Когда бричка остановилась перед крыльцом, навстречу приезжим вышел сухощавый, среднего роста мужчина; трудно было сказать, сколько ему лет, на вид можно было дать и сорок и шестьдесят. Лицо у него было темное, смуглое. Густые волосы были связаны по-старомодному, по-немецки, в пучок на затылке. Длинный острый нос выдавался над губами, такими тонкими, что казалось, будто они сжаты в одну черту. Глаза тоже, как Две щелки, выглядывали из-под черных густых бровей.

Одет он был в довольно странный костюм: жакет на нем, когда-то, видно, изящный, французского покроя, был с атласными отворотами и жилетом, а на ногах толстые сапоги с голенищами до колен, жирно смазанные салом для защиты ног от сырости.
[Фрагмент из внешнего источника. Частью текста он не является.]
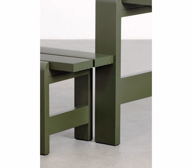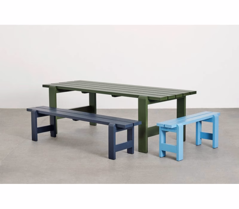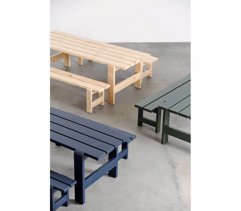 Hannes & Fritz’s Weekday Bench was inspired by their impromptu solution to a lack of seating at a dinner party. Retaining the original idea of bringing people together, the Weekday Bench combines a solid, robust presence with softly rounded joints, conveying a sense of warmth and familiarity that invites shared dining and a social atmosphere. Featuring the same simple construction as the classic picnic bench, it is made in strong, durable pine planks that will patinate beautifully and last for many years to come. The Weekday Bench’s strong yet universally appealing character combined with its water-based, weather-resistant surface treatment makes it suitable for outside use in a wide range of settings, from cafés and public parks to private or shared gardens. Available in different sizes in solid pine in a variety of finishes and colours. The benches can also be supplemented with seat cushions in selected textiles for extra comfort.
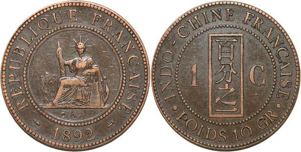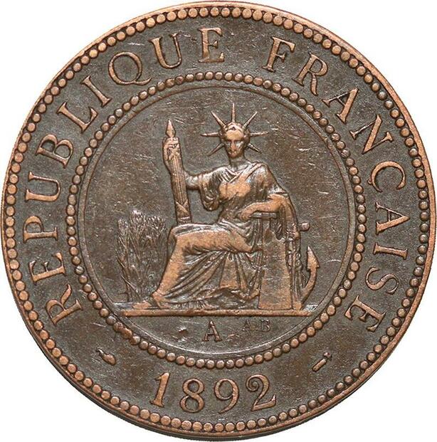 R3338 French Indochina 1 Cent Liberty 1892 A Paris XF+ -> Make Offer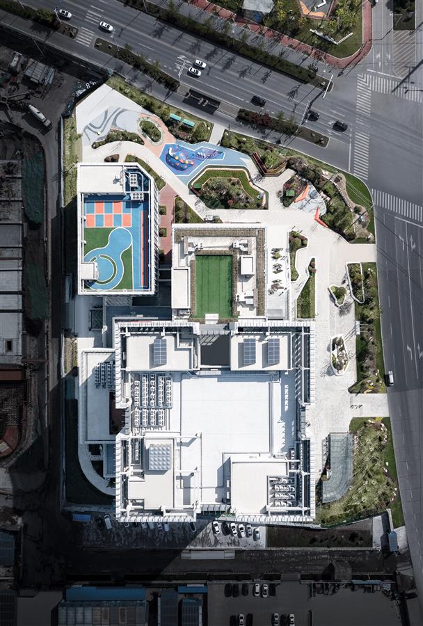 在建筑語(yǔ)言上,設(shè)計(jì)團(tuán)隊(duì)也通過一個(gè)個(gè)的“盒子“回應(yīng)其功能,形成“托育”盒子,“劇場(chǎng)”盒子,“書店”盒子,“培訓(xùn)與傳承”盒子……不同盒子互相交錯(cuò),形成豐富有趣,可停留可游走的灰空間。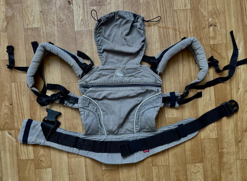 Дуже простий у використанні слінг-рюкзак бренду Meduca з фізіологічною позицією «М» в ніжках, для профілактики дизплазії кульшових суглобів. Створений від народження до 30 кг. Всі механізми справні, після однієї дитини. Є можливість носити дитину як спереду так і позаду
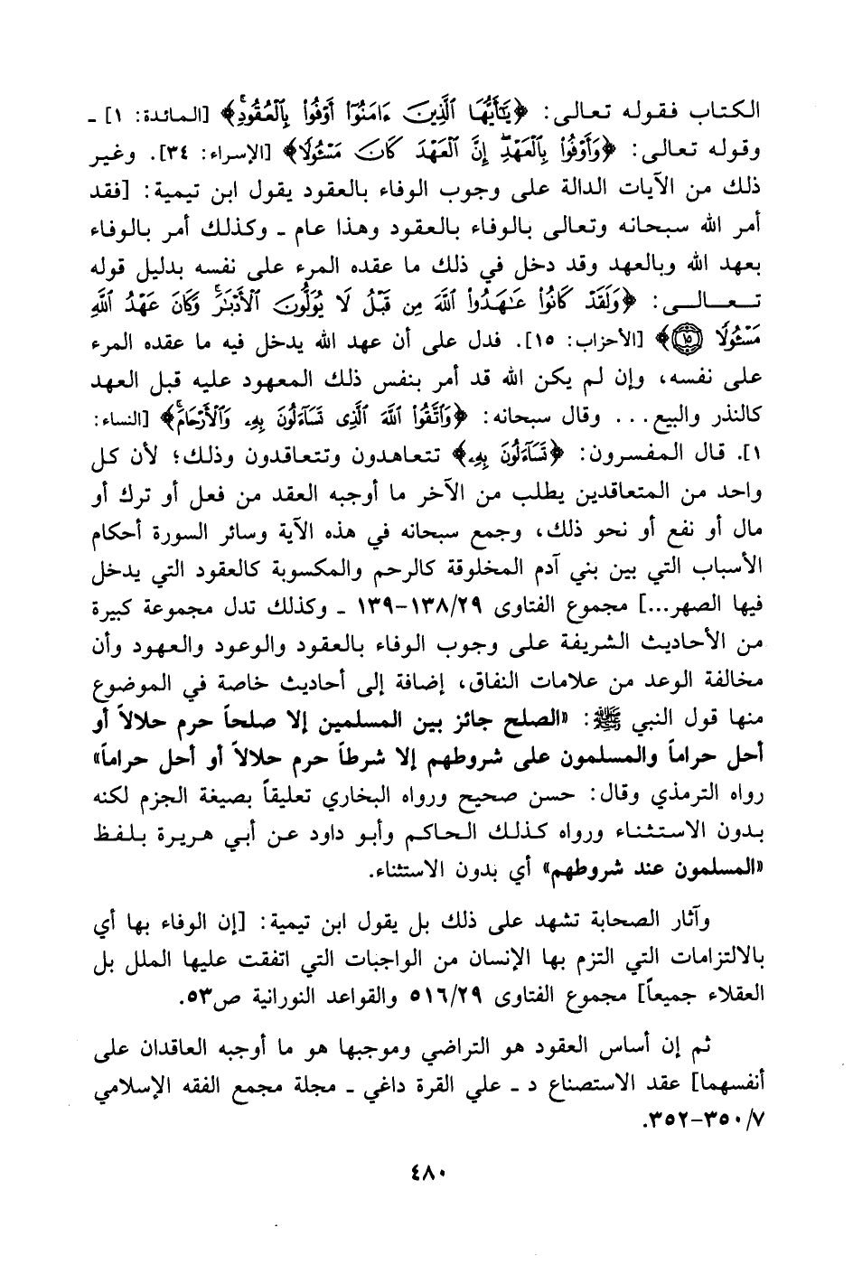 وآثار الصحابة تشهد على ذلك بل يقول ابن تيمية: [إن الوفاء بها أي بالالتزامات التي التزم بها الإنسان من الواجبات التي اتفقت عليها الملل بل العقلاء جميعاً] مجموع الفتاوى 29/ 516 والقواعد النورانية ص53.

Вместо жабо, неизбежного при французском костюме, на шее у него, поверх ворота рубахи совершенно старопольского покроя, был повязан шерстяной шарфик.

– Нижайшее почтение, пан граф! – восклицал он, без особой торопливости спускаясь с крыльца. – Наконец-то, пан граф, вы соизволили вспомнить про свои владения… Ха-ха!.. А я уже был уверен, что вы, пан…

– Граф, – прибавил Цедро.

– Что вы, пан… ха-ха!.. никогда больше к нам не приедете.

Было ясно, что он умышленно подчеркивает титул и над ним-то и подсмеивается так весело. К изумлению Рафала, Кшиштоф стал тоже смеяться, хотя деланно и принужденно.

– Позвольте и мне приветствовать пана посла, моего благодетеля и ментора… Как ваше драгоценное здоровье? – кричал он, соскакивая с брички.

– Пан граф, вы осыпаете нас своими милостями, как солнце своим блеском. Я рад согреться в их лучах.

– А вы, пан посол, не на шутку седеете…

– От забот о вашем добре… Ха-ха!.. Позвольте спросить в свою очередь, как ваше здоровье… Хотя сразу видно, что мы толстеем на немецких хлебах…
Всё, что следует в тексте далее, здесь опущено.